YOUR GOAL :: All of the records below must be reproduced exactly, minus any pictures.

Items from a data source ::
------------------------------------------------------------------------

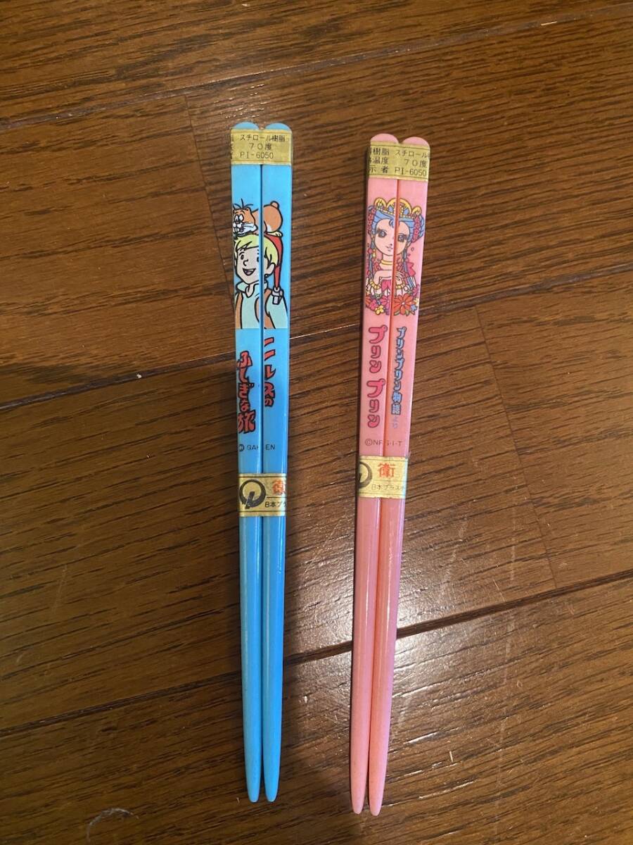 - 当時物 未使用 箸 2個セット 『ふしぎの旅』『プリンプリン物語』 汚れあり KK4968
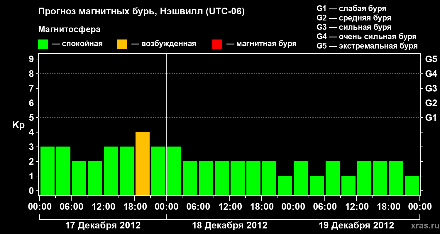 Прогноз магнитных бурь в Нэшвилле — 17 декабря 2012 года
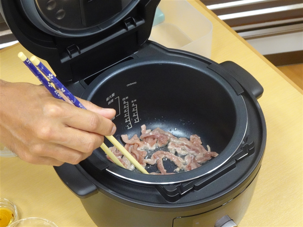 『追加された「炒め」メニューの調理デモ』タイガー魔法瓶 TIGER COOKPOT COK-B400-KM [マットブラック] 神野恵美さんのレビュー・評価画像5/6
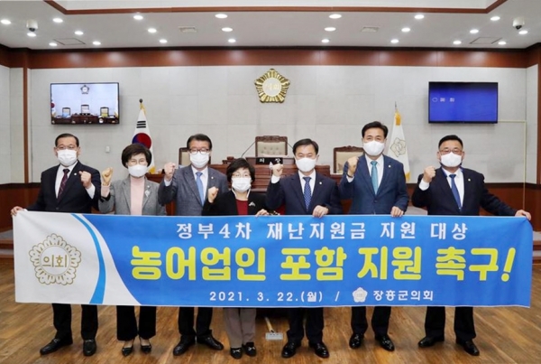 장흥군의회는 “정부가 코로나19와 기후 위기 속에서 여전히 농어촌에 대한 지원에는 인색하기만 하고 농어촌에 대해서 눈과 귀를 돌리고 있는 것에 농어업인들이 느끼는 상실감은 이루 말할 수 없다”며 “제4차 재난지원금 지원을 위한 추경안을 제출한 정부와 이를 심의 중인 국회가 코로나19로 인한 피해 농어업인들의 호소에 답해 주기를 바란다”고 전했다.
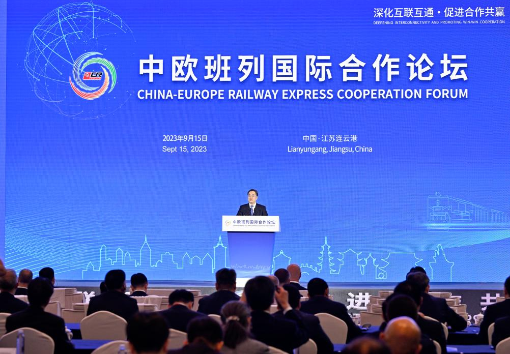 NANJING, Sept. 15 (Xinhua) -- Chinese Vice Premier Ding Xuexiang read a congratulatory letter from Chinese President Xi Jinping at the opening ceremony of the China-Europe Railway Express Cooperation Forum on Friday in Lianyungang, east China's Jiangsu Province, and delivered a speech, calling for joint efforts to develop the China-Europe Railway Express.

------------------------------------------------------------------------

ANSWER SPACE ::
 - 当時物 未使用 箸 2個セット 『ふしぎの旅』『プリンプリン物語』 汚れあり KK4968
 Прогноз магнитных бурь в Нэшвилле — 17 декабря 2012 года
 『追加された「炒め」メニューの調理デモ』タイガー魔法瓶 TIGER COOKPOT COK-B400-KM [マットブラック] 神野恵美さんのレビュー・評価画像5/6
 장흥군의회는 “정부가 코로나19와 기후 위기 속에서 여전히 농어촌에 대한 지원에는 인색하기만 하고 농어촌에 대해서 눈과 귀를 돌리고 있는 것에 농어업인들이 느끼는 상실감은 이루 말할 수 없다”며 “제4차 재난지원금 지원을 위한 추경안을 제출한 정부와 이를 심의 중인 국회가 코로나19로 인한 피해 농어업인들의 호소에 답해 주기를 바란다”고 전했다.
 NANJING, Sept. 15 (Xinhua) -- Chinese Vice Premier Ding Xuexiang read a congratulatory letter from Chinese President Xi Jinping at the opening ceremony of the China-Europe Railway Express Cooperation Forum on Friday in Lianyungang, east China's Jiangsu Province, and delivered a speech, calling for joint efforts to develop the China-Europe Railway Express.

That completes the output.